* _Supplied data_
/---
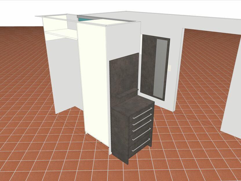 An der gegenüberliegenden Wand haben wir eine Wandgarderobe mit Haken und Spiegel platziert, damit hier die Gäste Ihre Jacken und Mäntel aufbewahren können. Für die kleinen Alltagsgegenstände haben wir eine Kommode in dunkler Betonoptik mit erhöhter Rückwandplatte erstellt. Durch die vielen Schubladen können alle unterschiedlich großen Gegenstände gelagert werden, die nicht jeder sofort im Blick haben sollte. Schlüssel und Handy sind jedoch jederzeit griffbereit an der Rückwand platziert, die Schlüssel sind übersichtlich an den Haken zu finden und das Smartphone findet seinen Platz auf der Ablage. Durch einer Leiste zur rutschsicheren Aufbewahrung ist der Blickkontakt auf das Display immer gewährt.
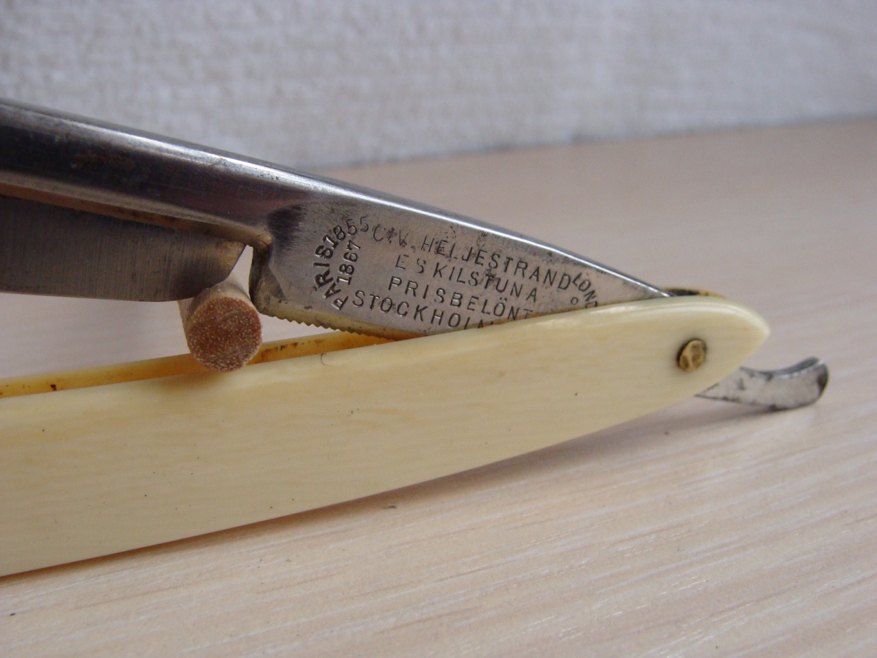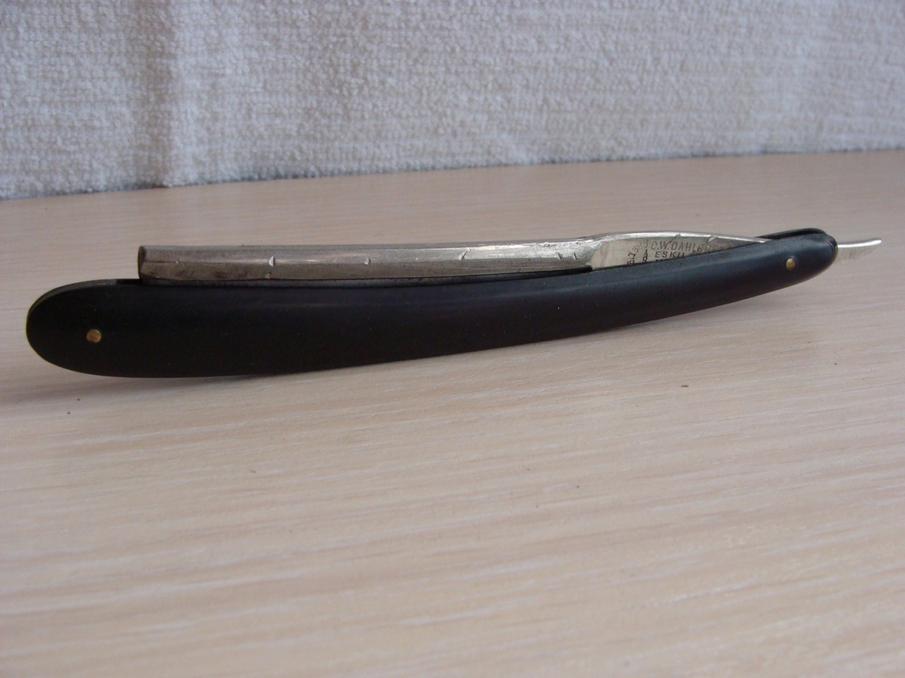 Швеция, ширина 3/8, вогнутость холлоу, ручка мореный дуб. Изящная и очень легкая бритва. ПРОДАНА. Spoiler Show Под реставрацию. Бритва J.A.HELLBERG. Швед, ширина 5/8, ручка пластик. Продана. Spoiler Show
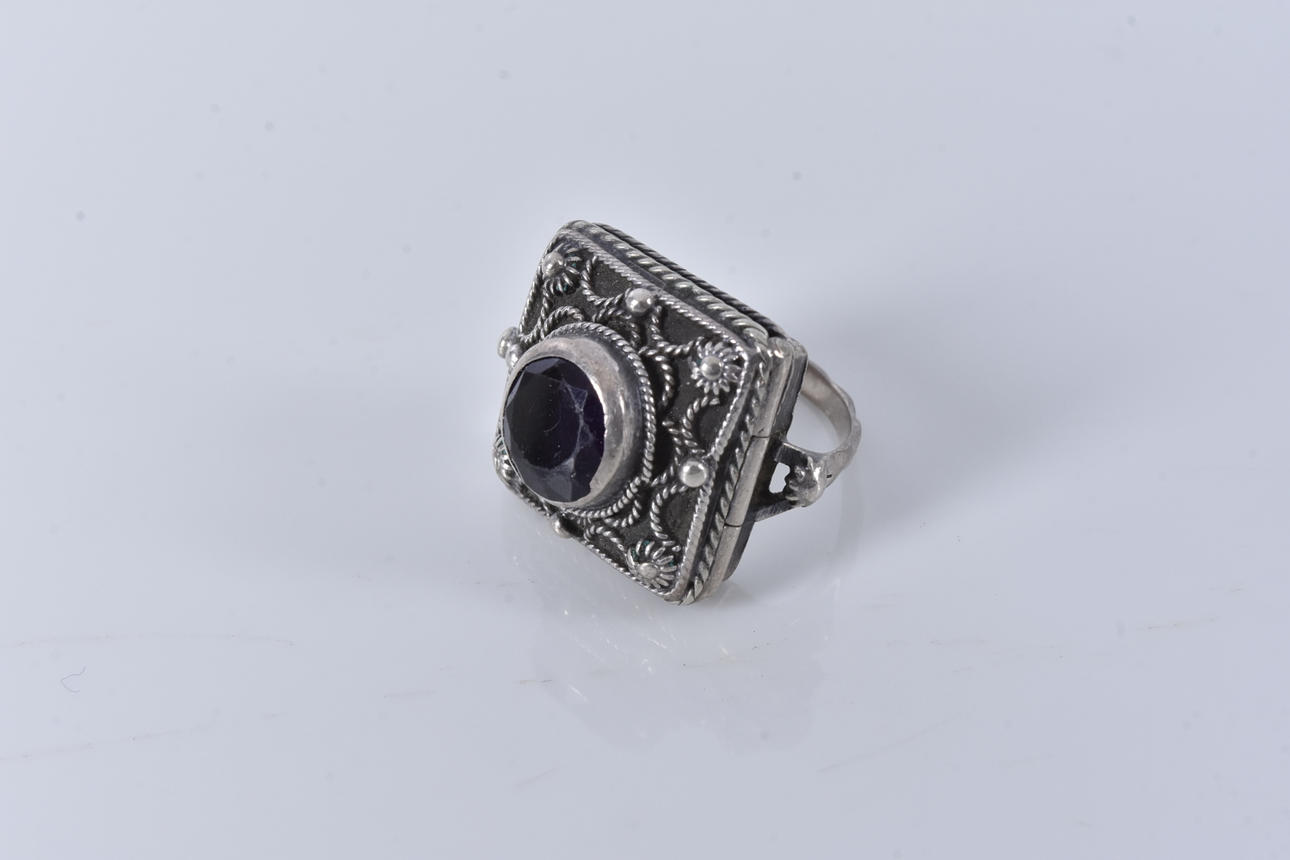 4236445. RING, with photo hide, and purple stone, silver.
\---
* _Task prompt_
Every line of the data above should be quoted exactly. Omit the pictures.

* _Worked solution_
 An der gegenüberliegenden Wand haben wir eine Wandgarderobe mit Haken und Spiegel platziert, damit hier die Gäste Ihre Jacken und Mäntel aufbewahren können. Für die kleinen Alltagsgegenstände haben wir eine Kommode in dunkler Betonoptik mit erhöhter Rückwandplatte erstellt. Durch die vielen Schubladen können alle unterschiedlich großen Gegenstände gelagert werden, die nicht jeder sofort im Blick haben sollte. Schlüssel und Handy sind jedoch jederzeit griffbereit an der Rückwand platziert, die Schlüssel sind übersichtlich an den Haken zu finden und das Smartphone findet seinen Platz auf der Ablage. Durch einer Leiste zur rutschsicheren Aufbewahrung ist der Blickkontakt auf das Display immer gewährt.
 Швеция, ширина 3/8, вогнутость холлоу, ручка мореный дуб. Изящная и очень легкая бритва. ПРОДАНА. Spoiler Show Под реставрацию. Бритва J.A.HELLBERG. Швед, ширина 5/8, ручка пластик. Продана. Spoiler Show
 4236445. RING, with photo hide, and purple stone, silver.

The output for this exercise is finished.